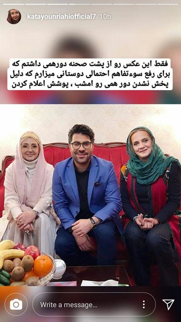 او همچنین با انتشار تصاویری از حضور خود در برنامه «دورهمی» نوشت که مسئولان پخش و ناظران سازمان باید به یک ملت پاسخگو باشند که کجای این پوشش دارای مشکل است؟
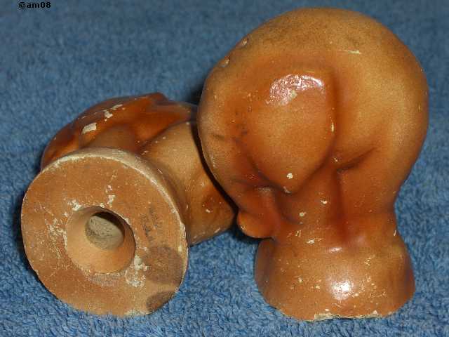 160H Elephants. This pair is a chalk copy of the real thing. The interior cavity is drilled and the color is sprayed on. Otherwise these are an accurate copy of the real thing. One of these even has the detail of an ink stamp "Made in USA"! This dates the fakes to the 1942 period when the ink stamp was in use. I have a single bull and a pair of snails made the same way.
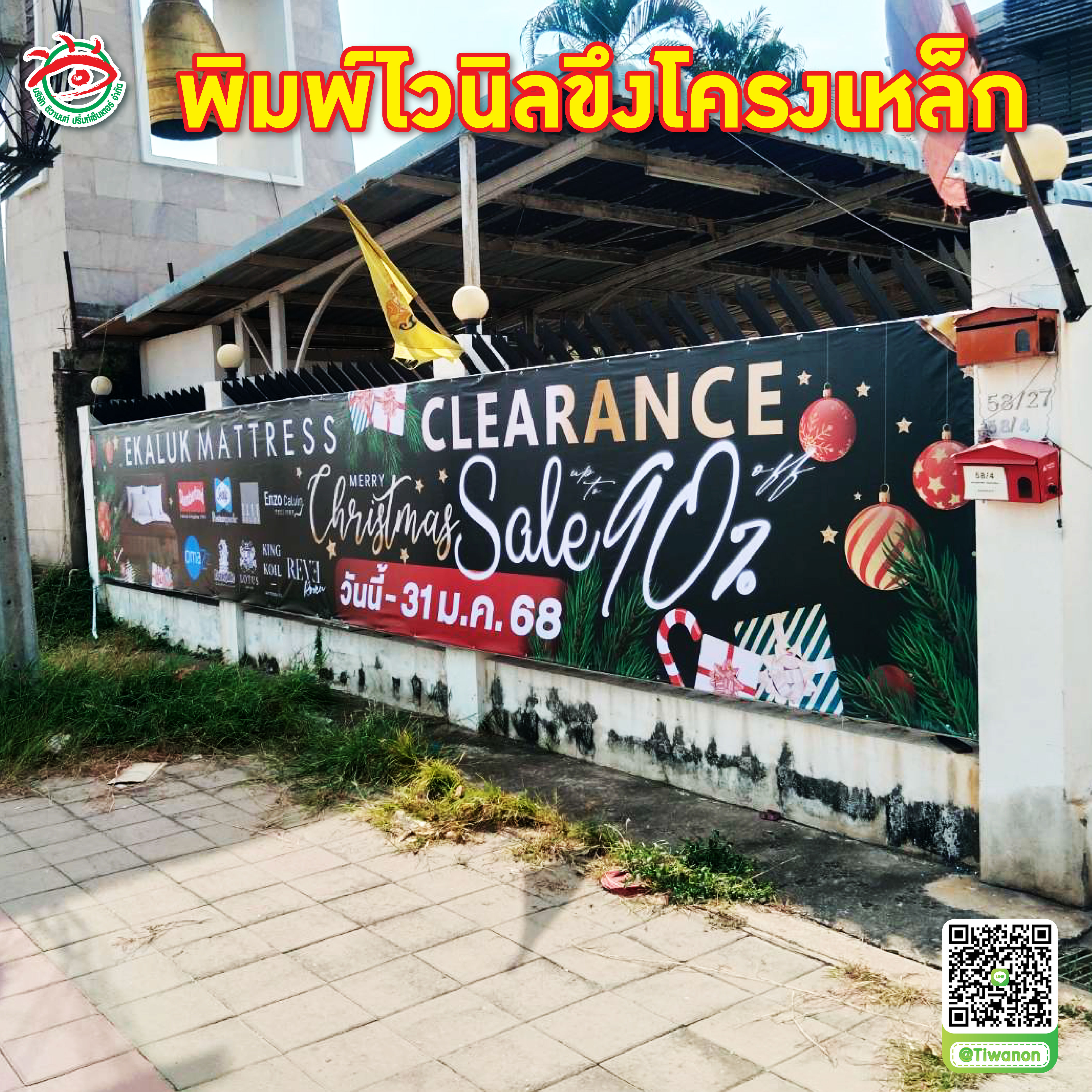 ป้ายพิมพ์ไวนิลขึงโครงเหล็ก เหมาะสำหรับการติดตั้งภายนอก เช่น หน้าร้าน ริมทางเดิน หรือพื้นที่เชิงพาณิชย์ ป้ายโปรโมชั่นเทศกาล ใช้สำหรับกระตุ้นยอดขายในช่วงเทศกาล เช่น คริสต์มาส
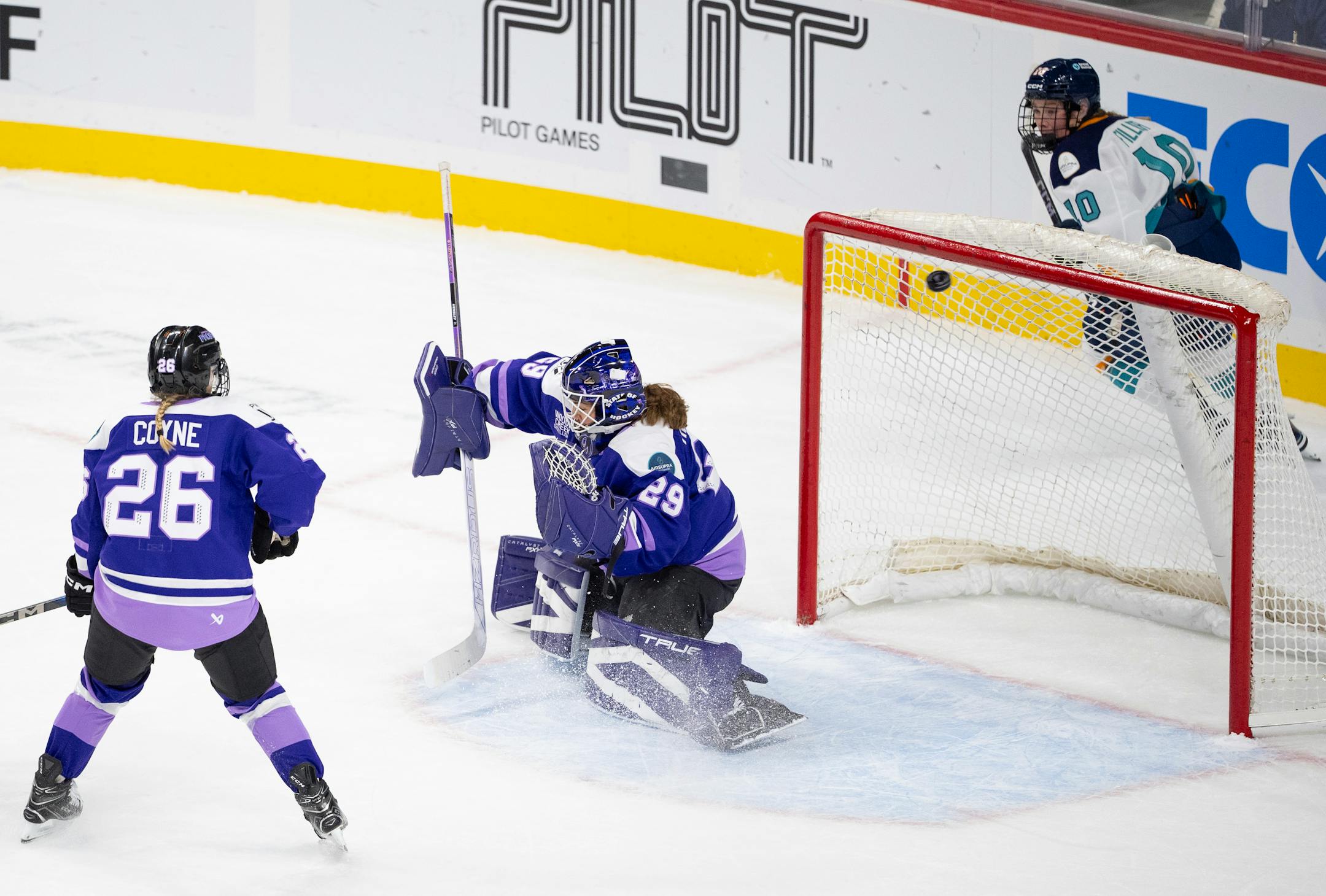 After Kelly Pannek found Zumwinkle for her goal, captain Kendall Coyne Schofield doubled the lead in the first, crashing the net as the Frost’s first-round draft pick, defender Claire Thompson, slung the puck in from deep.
──────
# Problem to work on:
Transcribe exactly the line that contains "ป้ายพิมพ์ไวนิลขึงโครงเหล็ก เหมาะสำหรับการติดตั้งภายนอก เช่น" and each line after it through the end of the listing. Leave out the pictures.

# Task solution:
 ป้ายพิมพ์ไวนิลขึงโครงเหล็ก เหมาะสำหรับการติดตั้งภายนอก เช่น หน้าร้าน ริมทางเดิน หรือพื้นที่เชิงพาณิชย์ ป้ายโปรโมชั่นเทศกาล ใช้สำหรับกระตุ้นยอดขายในช่วงเทศกาล เช่น คริสต์มาส
 After Kelly Pannek found Zumwinkle for her goal, captain Kendall Coyne Schofield doubled the lead in the first, crashing the net as the Frost’s first-round draft pick, defender Claire Thompson, slung the puck in from deep.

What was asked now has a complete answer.